As a social contribution, the present study is aimed at applying a machine learning model to make the ASD diagnostic process more precise and concise, reducing the number of criteria necessary for the evaluation. To this end, the study proposes a hybrid approach, based on the juxtaposition of machine learning algorithms, aimed at knowledge discovery, associated with a multicriteria method of decision support based on Verbal Decision Analysis (VDA). The general objective is to evaluate how the hybrid methodology now proposed can make the protocol derived from the International Classification of Diseases, 10th edition (ICD-10) more efficient, enabling the diagnosis of Autism Spectrum Disorder by observing a minor symptom. The study sought to link the ICD-10 with the codes and structure of the DSM-5, aiming at expanding the understanding and diagnosis capacity from different clinical points of view. This objective comes considering that the hybrid model proposal mentioned above is applied to ASD and considering that mental disorders are the main focus of the Diagnostic and Statistical Manual of Mental Disorders, 5th Edition (DSM-5).

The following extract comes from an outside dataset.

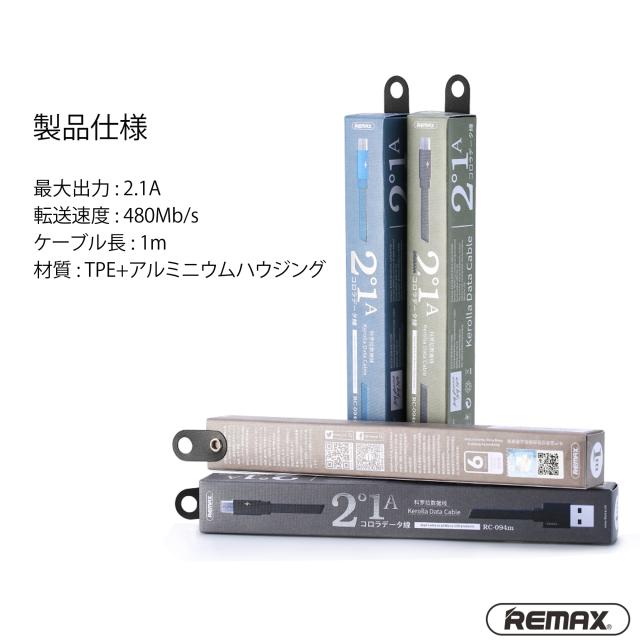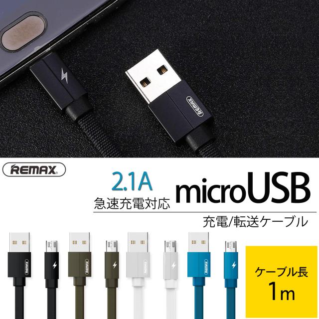 REMAX スマホ microUSB 充電 転送ケーブル リマックス 2.1A 1.0m Kerolla グリーン RC-094m

Moreover, to validate the hybrid model, the study used a database provided by the Social Security Technology and Information Company of Brazil-DATAPREV. Mentioned data refer to thousands of cases of people who obtained the assistance benefit related to ASD, as provided by Brazil’s federal legislation. The granting of these benefits goes through evaluating each case of children with ASD, to whom the Benefit of Continuous Provision (BPC) program applies. These assessments have an extensive questionnaire divided into Social Assessment and Medical-Expert Assessment, which allowed for research to obtain more consistent data on the stages of medical and social evaluation.

This article is divided into five sections. After the introduction, the study presents the second section that outlines the systematization of the fundamental theoretical basis on which the work is based. The third section describes the methodology used, which is subdivided into four subsections—which deal, respectively, with the database, the Random Forest machine learning algorithm, the applied learning framework, and the Verbal Decision Analysis (VDA) method addressed. The fourth section presents the results achieved. Finally, the fifth section concludes the work and proposes actions and perspectives for future work.

2. Theoretical Reference

This section contains some important topics about Autism Spectrum Disorder and highlights proposed information technology solutions used to support the diagnosis and referral of that disorder.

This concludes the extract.